PROVIDED INFORMATION ▸

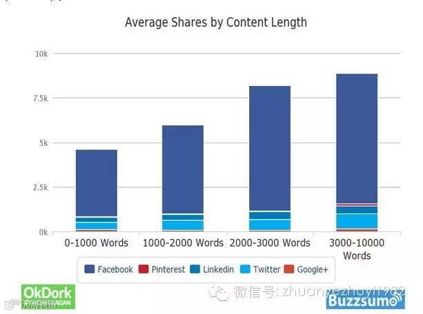 下表的大数据研究表明,3000-10000个单词的文章,在社交媒体上获得最多平均转发分享量(8859次)。
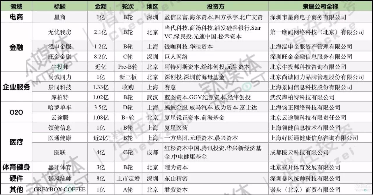 周报:第一时间汇总每周企业投融详情,综合每周投融领域概况;
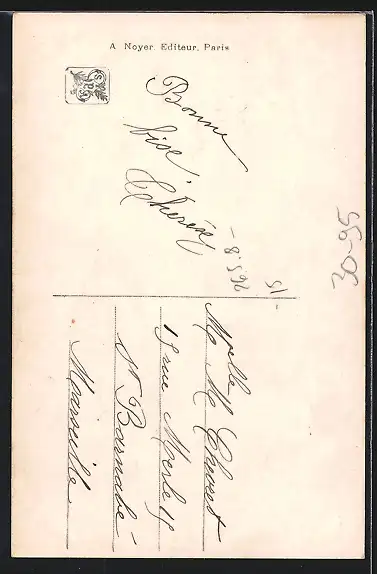 Personenbezogene Daten auf der Rückseite der Karte wurden durch blauen Textmarker unkenntlich gemacht. Die blauen Stellen sind auf die Vorderseite durchgeweicht und wirken sich negativ auf das Postkartenfoto aus
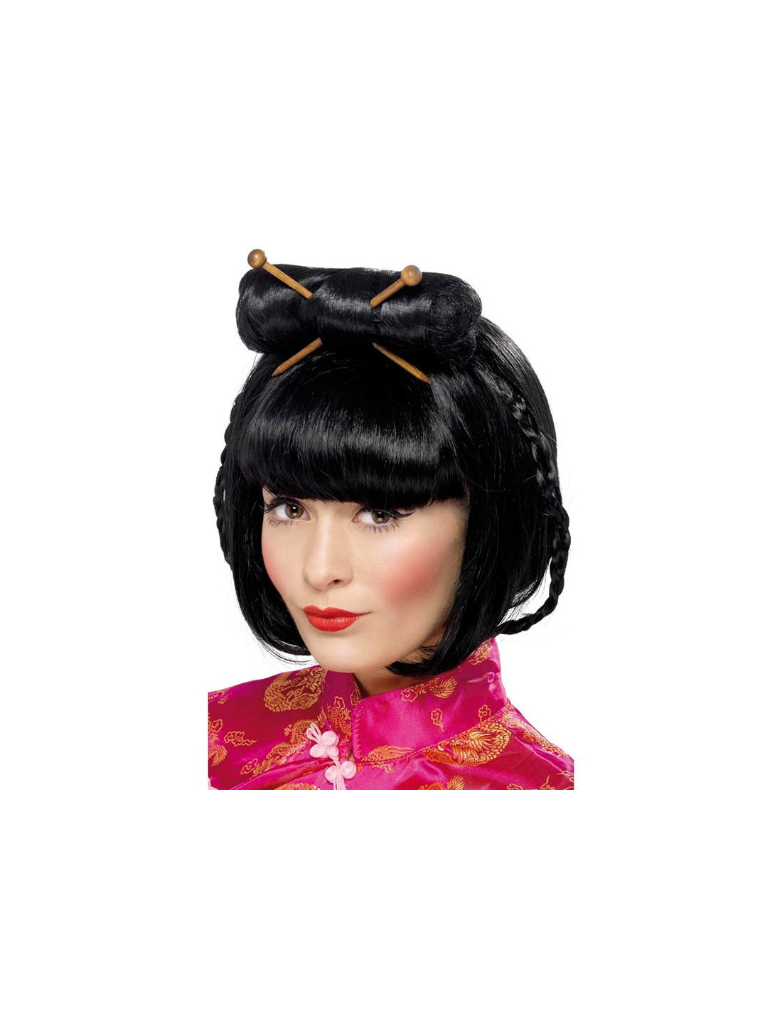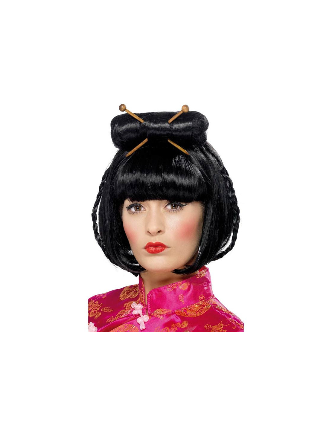 Preciosa peluca china corta para tu disfraz de geisha en Carnaval. Esta peluca corta es de color negro, tiene flequillos, una pequeña trencita en cada lateral y uno moño en la cabeza con dos agujas cruzadas.
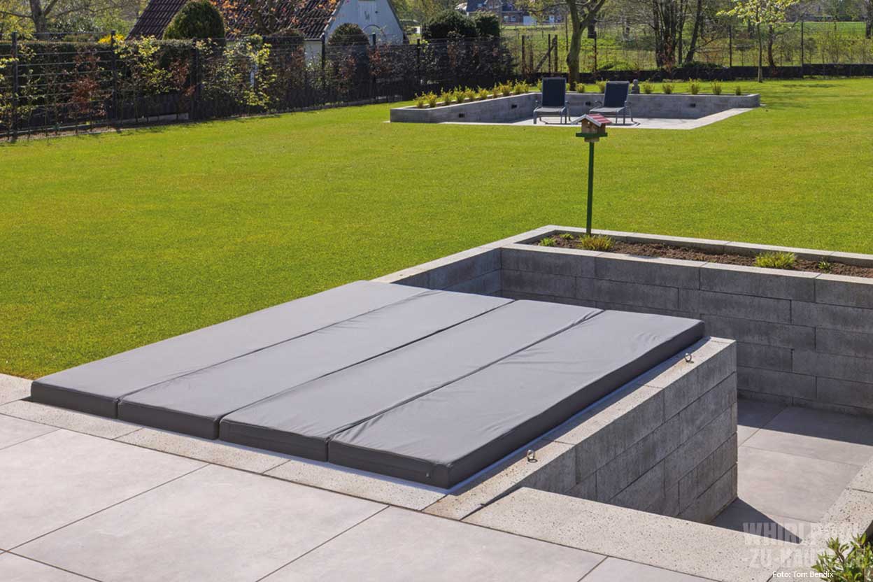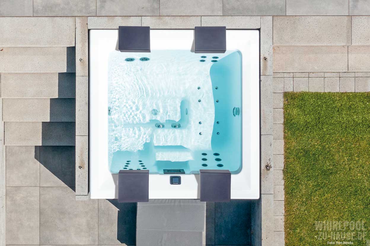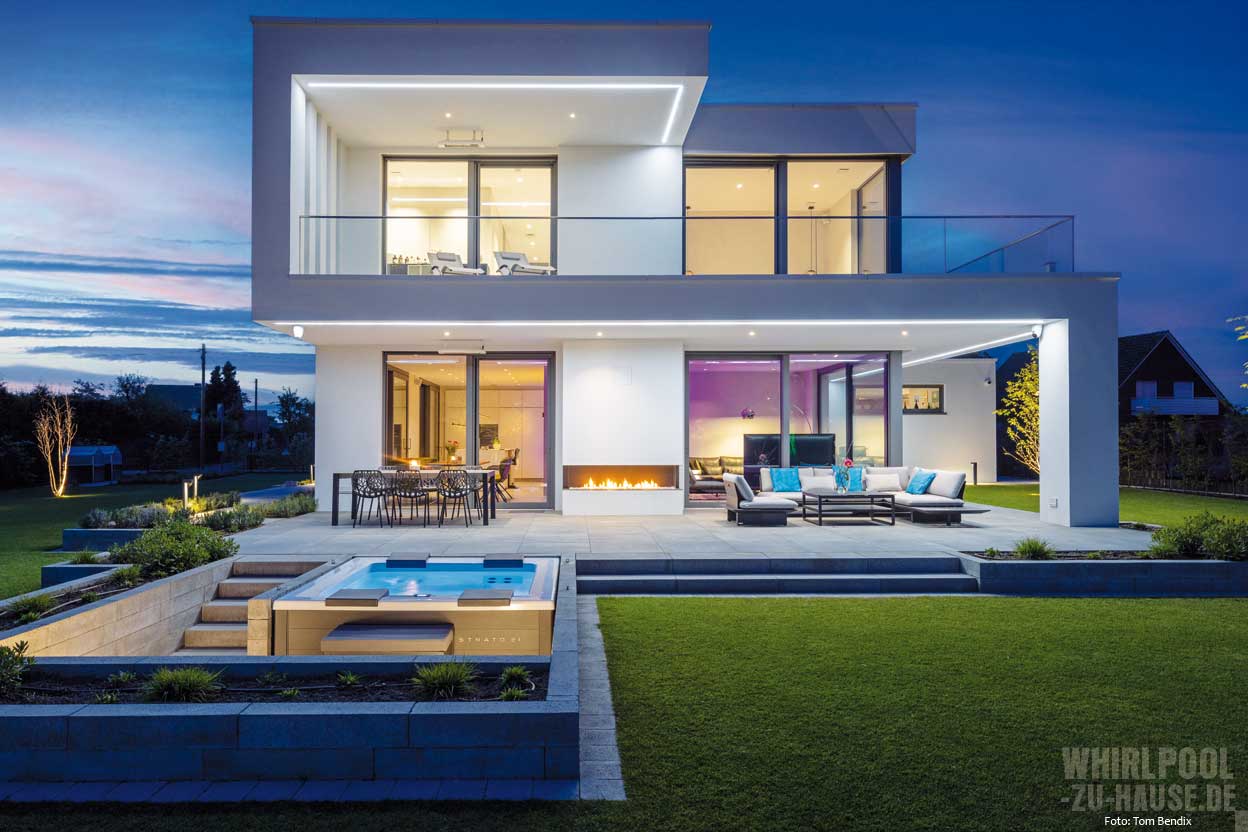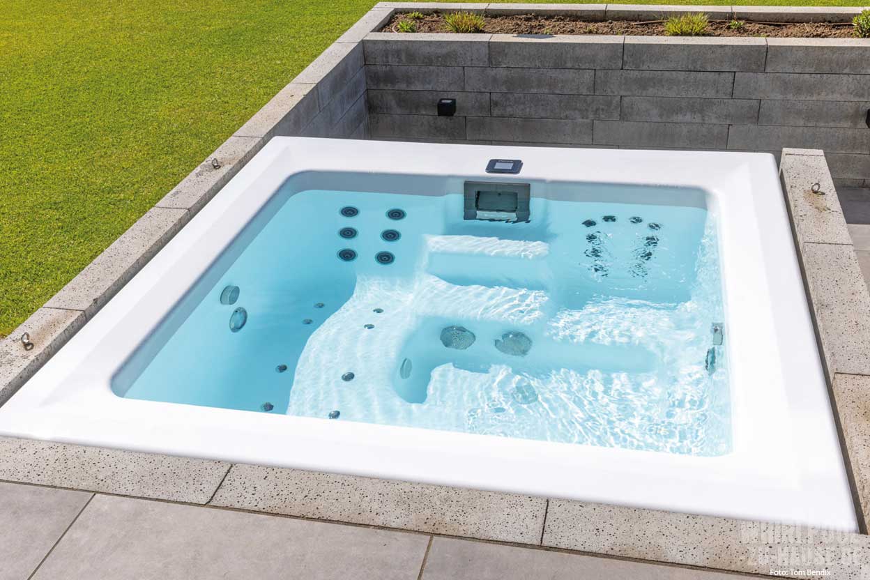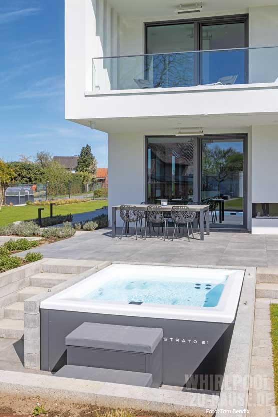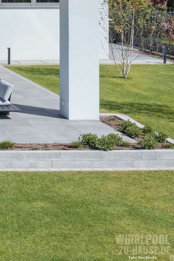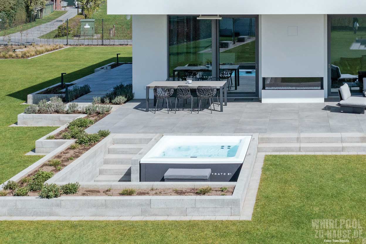 Besonderes Augenmerk legte man auf die Einbringung des Whirlpools. Damit sich dieser optisch in die bestehende Terrasse einfügt, gleichzeitig jedoch auch eine eigene Einheit bildet, ließ der Bauherr eine quadratische Einfriedung etwas unterhalb der Sonnenterrasse errichten. Sie fasst den „Strato 2.1“ nun von drei Seiten ein. Auf der zum Garten zeigenden Seite befinden sich die Einstiegstreppen, die sicher ins wohltuend warme Wasser führen. Sitzen der Bauherr und seine Familie nun im Whirlpool haben Sie den Garten bestens im Blick.

DIRECTIONS FOR THIS TASK ▸
From the first line to the last, reproduce the records above exactly and skip the pictures.

RESPONSE TO THE TASK ▸
 下表的大数据研究表明,3000-10000个单词的文章,在社交媒体上获得最多平均转发分享量(8859次)。
 周报:第一时间汇总每周企业投融详情,综合每周投融领域概况;
 Personenbezogene Daten auf der Rückseite der Karte wurden durch blauen Textmarker unkenntlich gemacht. Die blauen Stellen sind auf die Vorderseite durchgeweicht und wirken sich negativ auf das Postkartenfoto aus
 Preciosa peluca china corta para tu disfraz de geisha en Carnaval. Esta peluca corta es de color negro, tiene flequillos, una pequeña trencita en cada lateral y uno moño en la cabeza con dos agujas cruzadas.
 Besonderes Augenmerk legte man auf die Einbringung des Whirlpools. Damit sich dieser optisch in die bestehende Terrasse einfügt, gleichzeitig jedoch auch eine eigene Einheit bildet, ließ der Bauherr eine quadratische Einfriedung etwas unterhalb der Sonnenterrasse errichten. Sie fasst den „Strato 2.1“ nun von drei Seiten ein. Auf der zum Garten zeigenden Seite befinden sich die Einstiegstreppen, die sicher ins wohltuend warme Wasser führen. Sitzen der Bauherr und seine Familie nun im Whirlpool haben Sie den Garten bestens im Blick.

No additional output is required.